National voter I.D. law needed

The Alabama senatorial election is over; the elephant is soaking its bruised trunk and the donkey is braying.

During that election, Roy Moore was called unfit and Doug Jones too liberal; after considering all that was said, the voters had their say and Jones was elected to the U.S. Senate and his being seated will be, and that is as it should be.

There were two wrongs, concerning the election: First, before the election, U.S. Sen. Susan Collins, R-Maine, hinted that if Moore were elected, the Senate would be faced with the duty to declare Moore unfit to serve and refuse to seat him. Second: Weak voter I.D. laws in Alabama raised the concern of the possibility that illegal votes were cast.

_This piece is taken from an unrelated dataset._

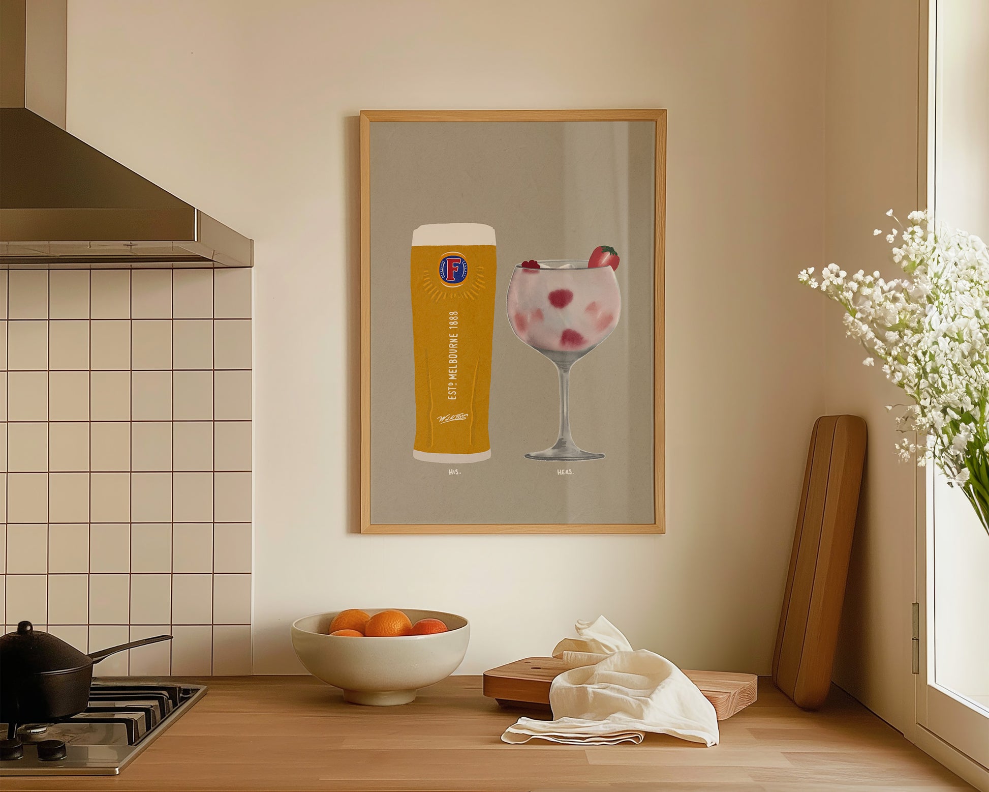 A Fosters and Pink Gin print featuring hand drawn pint of Fosters alongside a glass of Pink Gin, set against a pale green/grey background, the perfect modern kitchen print. Printed on archival matte 240gsm paper. Available in multiple sizes, with framed or unframed options. Exclusively designed by one of our artists at our studio.

It is sad that the Senate has the power to pick and choose which senator-elect it will accept, the power to override the will of the voters of any state; and just as sad, there is no national voter I.D. law which would prevent illegal votes from being cast in any election.

Those two sad features of the election process can be remedied by members of Congress showing moral fiber and passing legislation to divest itself of its power to nullify the vote of the people and a national voter I.D. law, which would prevent illegal voting in any election.

BILL SMITH, STOCKBRIDGE

Trump not really responsible for ISIS defeat

Ross Douthat’s column “To his credit, Trump won war against Islamic State,” Opinion, Dec. 19, gives credit to President Trump for the defeat of the Islamic State. If Ted Cruz, John Kasich, Bernie Sanders, or Hillary Clinton had been elected in 2016, the Islamic State defeat would still have been successful because it was already on its way by January 2017. Maybe we should wait until the second year before giving much weight to the success or failure of any presidency.